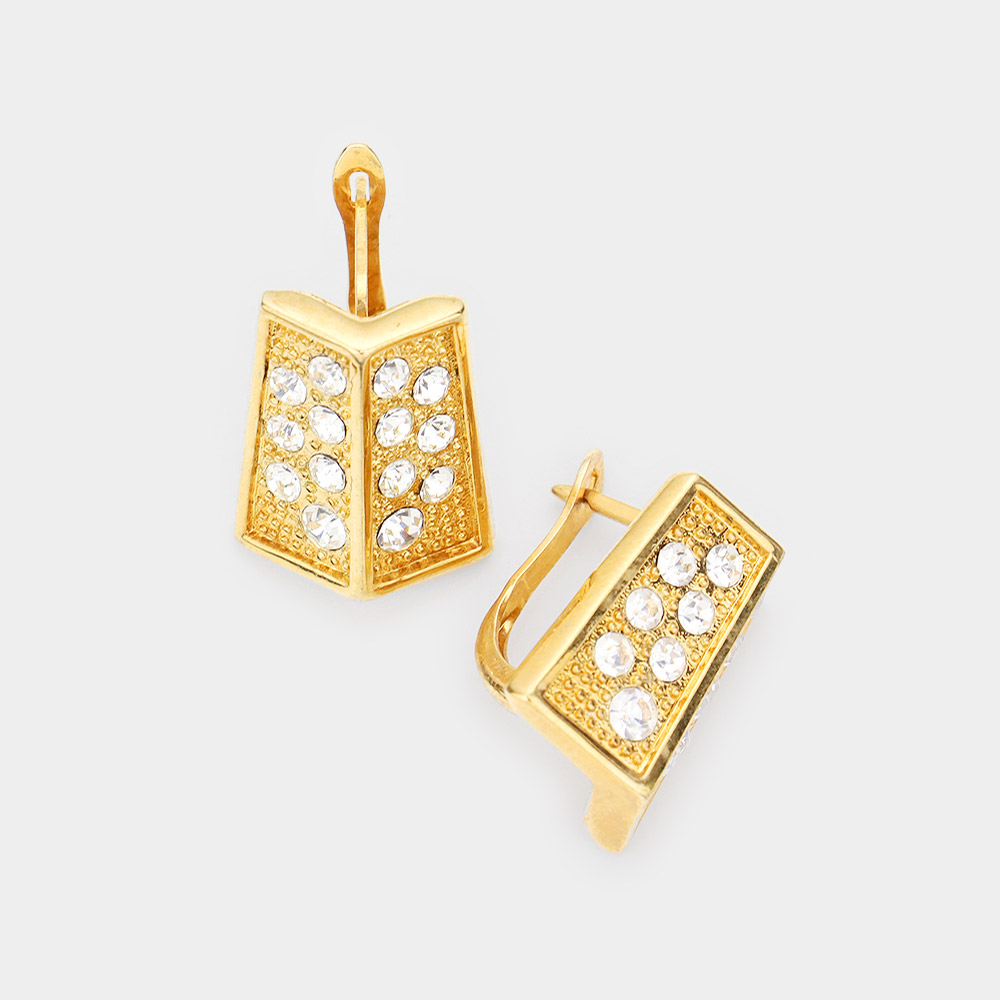 Rhinestone Embellished Angled Metal Earrings
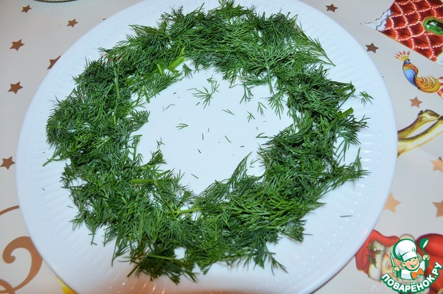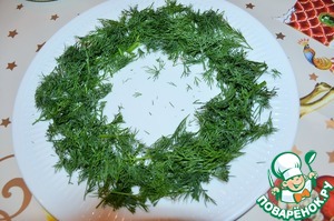 Укроп нарубить и выложить на блюдо по кругу.
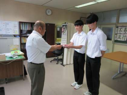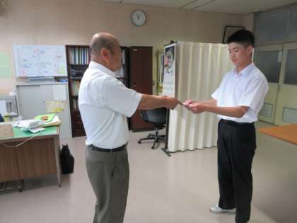富山県中学校総合選手権大会を勝ち抜き、北信越中学校総合競技大会に出場する選手に、校長から激励金を渡しました。「全国大会に出場できるよう、精一杯戦ってきます」との決意表明がありました。強気で頑張れ!北中生!
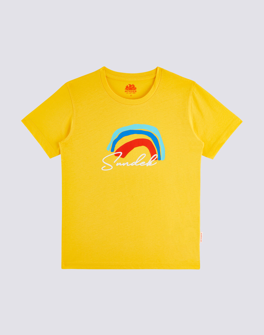 Children's t-shirt with Kiddoodle Rainbow front print. Crew neck collar and regular fit.
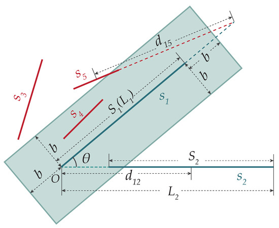 - Distance constraint. The intersection may be on the segment extension line. If it is very far from the line segment, the positioning accuracy will be reduced and the intersection may not make sense; thus, the distance constraint is needed. The distance between and is defined as the distance between the midpoint of shorter line segment and their intersection, which must meet .
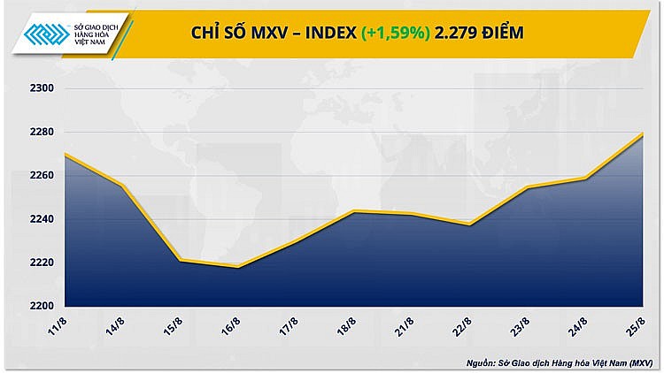 Số liệu từ Sở Giao dịch Hàng hóa Việt Nam (MXV) cho thấy lực mua hoàn toàn áp đảo trên cả 4 nhóm mặt hàng đang được giao dịch liên thông thế giới tại MXV. Điều này hỗ trợ chỉ số MXV-Index đóng cửa tuần qua bật tăng 1,59% lên 2.279 điểm, chấm dứt chuỗi giảm 3 tuần liên tiếp. Đáng chú ý, dòng tiền đầu tư trở lại thị trường, thể hiện qua giá trị giao dịch trung bình đạt mức trên 4.300 tỷ đồng mỗi phiên, tăng hơn 34% so với tuần trước đó.

** WHAT IS BEING ASKED **
Pictures excluded, set down all the entries exactly.

** TASK RESPONSE **
 Rhinestone Embellished Angled Metal Earrings
 Укроп нарубить и выложить на блюдо по кругу.
富山県中学校総合選手権大会を勝ち抜き、北信越中学校総合競技大会に出場する選手に、校長から激励金を渡しました。「全国大会に出場できるよう、精一杯戦ってきます」との決意表明がありました。強気で頑張れ!北中生!
 Children's t-shirt with Kiddoodle Rainbow front print. Crew neck collar and regular fit.
 - Distance constraint. The intersection may be on the segment extension line. If it is very far from the line segment, the positioning accuracy will be reduced and the intersection may not make sense; thus, the distance constraint is needed. The distance between and is defined as the distance between the midpoint of shorter line segment and their intersection, which must meet .
 Số liệu từ Sở Giao dịch Hàng hóa Việt Nam (MXV) cho thấy lực mua hoàn toàn áp đảo trên cả 4 nhóm mặt hàng đang được giao dịch liên thông thế giới tại MXV. Điều này hỗ trợ chỉ số MXV-Index đóng cửa tuần qua bật tăng 1,59% lên 2.279 điểm, chấm dứt chuỗi giảm 3 tuần liên tiếp. Đáng chú ý, dòng tiền đầu tư trở lại thị trường, thể hiện qua giá trị giao dịch trung bình đạt mức trên 4.300 tỷ đồng mỗi phiên, tăng hơn 34% so với tuần trước đó.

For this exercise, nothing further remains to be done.